Half a million Northerners died crushing the Confederacy. Why didn’t we just let the slave states leave the Union? The answer is that the Confederate rump would have allied with France and Britain to carve up the North American continent. Napoleon III of France invaded Mexico in 1863 and installed his puppet Maximilian of Habsburg. Mexican nationalists fought a guerrilla war under the brilliant leadership of Benito Juarez. In 1865 Lincoln dispatched Gen. Phil Sheridan, the scourge of the Shenandoah Valley, to Texas, where he raised 50,000 troops to threaten the French and supplied Juarez with arms and ammunition. The French withdrew in 1866.

Britain’s Prime Minister Lord Palmerston, meanwhile, watched the military progress of the war hoping for an opportunity to intervene. If Lee had won Gettysburg, Britain probably would have recognized the Confederacy and intervened on the Southern side. Lincoln courted Russia, Britain’s main geopolitical rival, hoping that the threat of Russian intervention would keep Britain neutral. Russia sent a fleet to New York in 1863 in a demonstration of support for the Union.

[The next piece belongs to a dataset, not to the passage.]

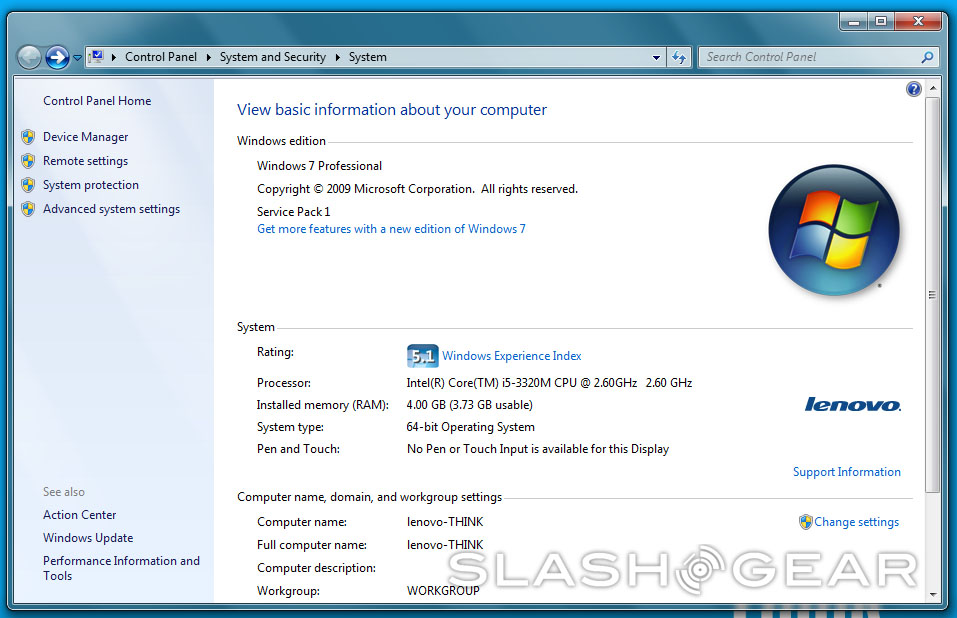 Lenovo's ThinkVantage is appreciated, if only for its ability to extend the battery by turning off some of the more unnecessary features. But the App Shop, a full-screen interface for things like "Google Search" and "Twitter", is not. There's more commercial software as well, but nothing you couldn't download through a standard browser. All of this wouldn't be nearly as annoying if the installation media was included, but alas, I haven't seen that in years. My standard tactic for a new machine is to download a Windows ISO and install it fresh with the license included on the machine, and for those with the know-how, I'd recommend the same here.
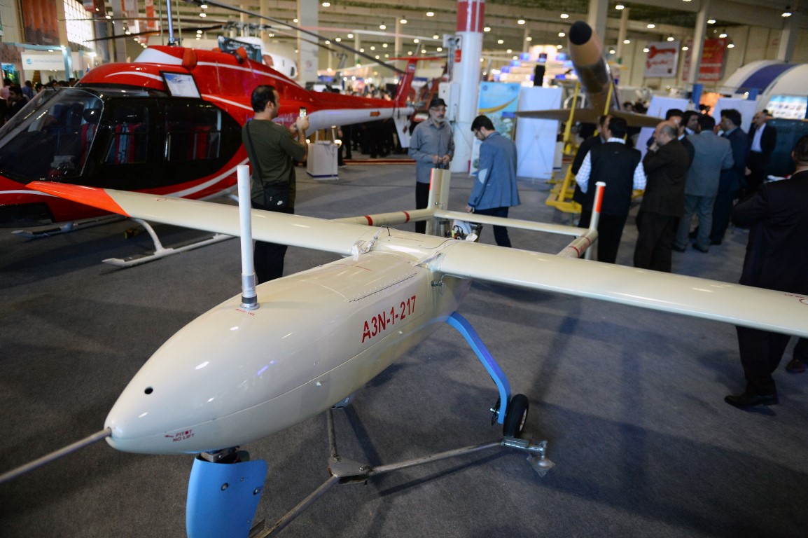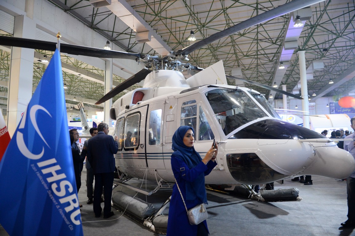 Fuarda İran savunma sanayisine ait helikopter, drone, savaş uçağı ve uçak yedek parçaları ile diğer malzemeler sergilendi.

I’ve always wondered whether Lincoln wanted an early war rather than a later one, so that the Union would have time to suppress the rebellion before the European powers intervened. The French arrived in Mexico in 1863, as noted; a French alliance with the Confederacy might have made it impossible to prevent secession. If Britain had deployed its powerful navy in support of the South, the North could not have won the war.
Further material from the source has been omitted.